It never fails. I have a new task to complete. I have never done it before. My immediate response is to feel the bottom drop right out of my stomach and render a strong queasy sensation. I am charting the unknown and looking for help getting beyond the negative mind. This sinking feeling is so familiar… I feel it is even ancestral. For me, the path to the unknown is charted in a thousand, thousand moments like this. This deep-seated “no” is built into the very foundation of the stones laid in this path.
Here’s the thing. That survival impulse to check myself has kept me and all those that came before me alive.
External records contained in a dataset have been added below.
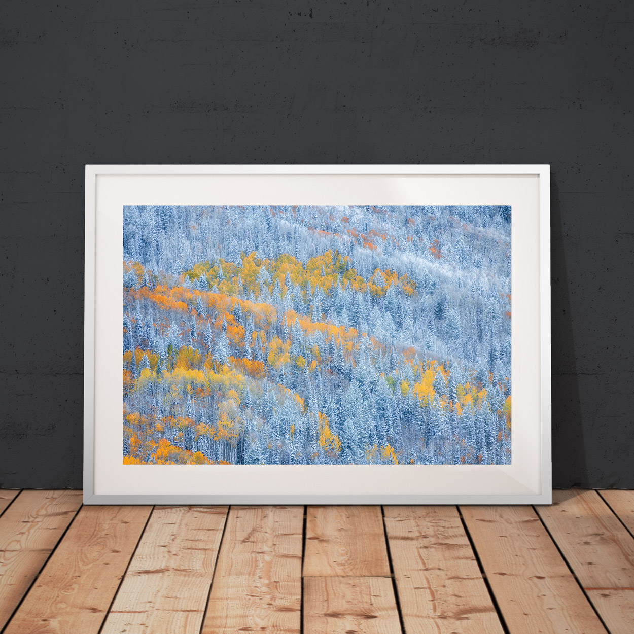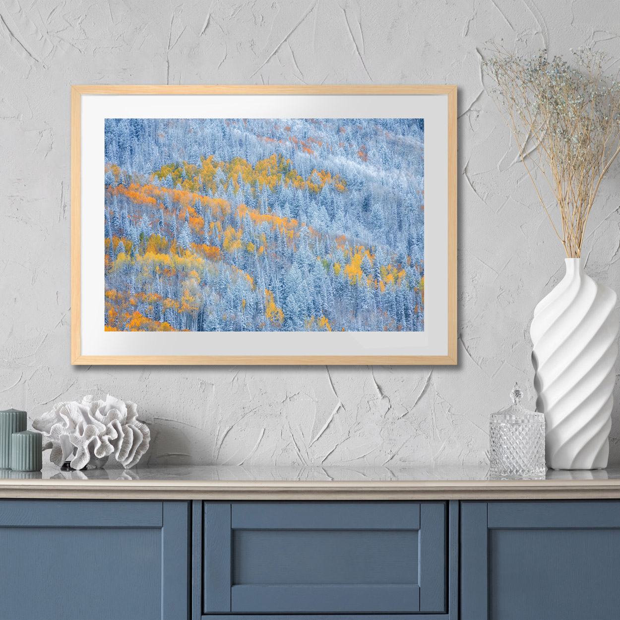 Η εκτύπωση γίνεται με eco μελάνια σε χαρτί υψηλής ποιότητας 200gr. με ματ φινίρισμα και η κορνίζα είναι από ξύλο πεύκου και πάχους 17mm x 17mm.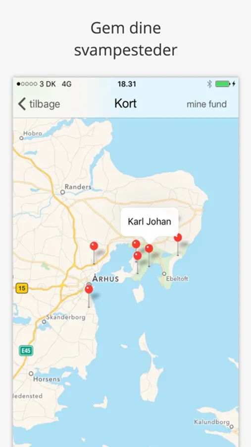 • Et kort med mulighed for, at sætte nåle og gemme sine svampesteder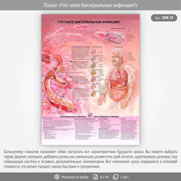 Плакат «Что такое бактериальные инфекции?» (ЗОЖ-39, 1 лист) в Сургуте купить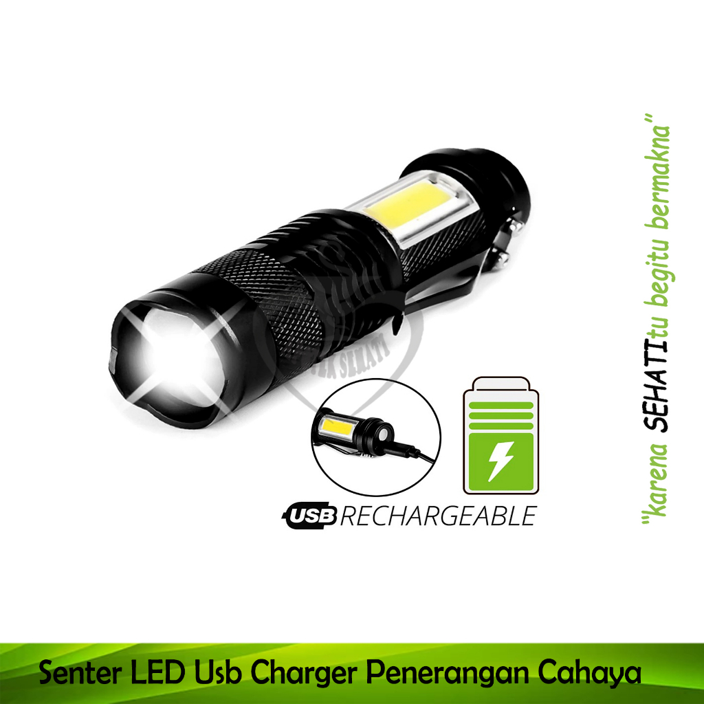Senter Led Mini Zoom Super Terang Usb Recharger

However, it does not have to define the path itself. It can reflect part of its character.
I feel that hesitancy. “Not THIS(!)Elizabeth!” I honor its cautionary tale and sent it some gratitude. Then I take a breath and let it out. I look forward into the field of possibilities before me.
“You will fail.”
I send a prayer out for courage.
“Yes. That is a distinct possibility.”
“You WILL fail.”
“Okay. I heard you the first time. Thank you for sharing and making sure I heard you.”
I send another prayer out for peace and confidence.
Then, even with trepidation coloring my footsteps, I take a tenuous step forward.
I place my foot carefully.
The ground seems firm enough. No shaky stones waiting to unbalance me…
And that is often how I move forward.
The path is unknown. I have no clue exactly where to step except forward, gingerly, carefully, yet most assuredly. My negative mind has a point… but only to a point. I have learned to respect, yet not believe everything my mind tells me.